Exercise directions.
Transcribe the listing exactly, so that nothing but the pictures is missing.

The data.
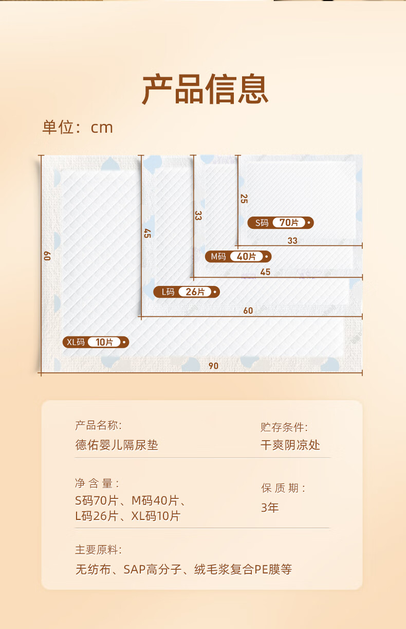 德佑企鹅宝宝隔尿垫一次性婴儿护理垫M码33*45cm40片姨妈垫吸水不反渗
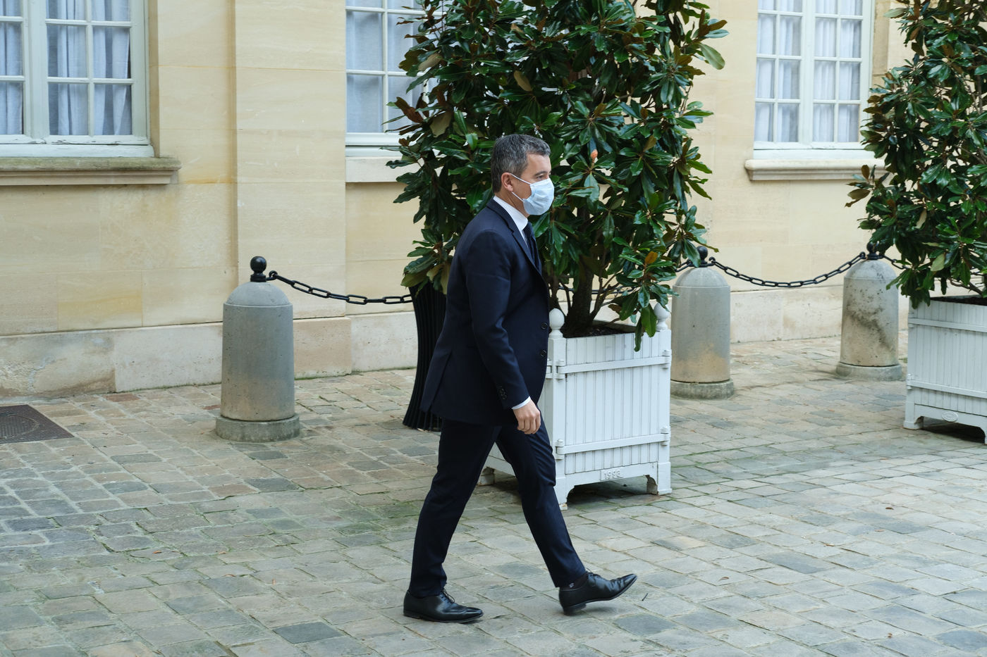 Photos of Gérald Darmanin, Minister of the Interior, and Gabriel ATTAL, Secretary of State to the Prime Minister, Government Spokesman, at the entrance and exit of the meeting.
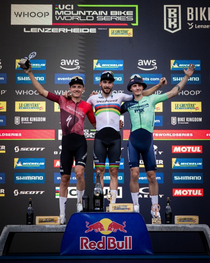 Il neo-campione del mondo UCI XCO U23 ha dominato entrambe le serie quest’anno, e il risultato non è mai stato davvero in dubbio. Un gruppo di tre composto da Paul Schel (Lexware Mountainbike Team), Heby Gustav Pedersen (Wilier-Vittoria Factory Team) e Rens Teunissen van Manen (KMC Ridley MTB Racing Team) ha fatto del suo meglio per raggiungerlo, ma non è riuscito a tenere il passo dello svizzero. Alla fine, Schel ha superato Pedersen al secondo posto, mentre Teunissen van Manen è scivolato al sesto posto.

Solution to this problem.
 德佑企鹅宝宝隔尿垫一次性婴儿护理垫M码33*45cm40片姨妈垫吸水不反渗
 Photos of Gérald Darmanin, Minister of the Interior, and Gabriel ATTAL, Secretary of State to the Prime Minister, Government Spokesman, at the entrance and exit of the meeting.
 Il neo-campione del mondo UCI XCO U23 ha dominato entrambe le serie quest’anno, e il risultato non è mai stato davvero in dubbio. Un gruppo di tre composto da Paul Schel (Lexware Mountainbike Team), Heby Gustav Pedersen (Wilier-Vittoria Factory Team) e Rens Teunissen van Manen (KMC Ridley MTB Racing Team) ha fatto del suo meglio per raggiungerlo, ma non è riuscito a tenere il passo dello svizzero. Alla fine, Schel ha superato Pedersen al secondo posto, mentre Teunissen van Manen è scivolato al sesto posto.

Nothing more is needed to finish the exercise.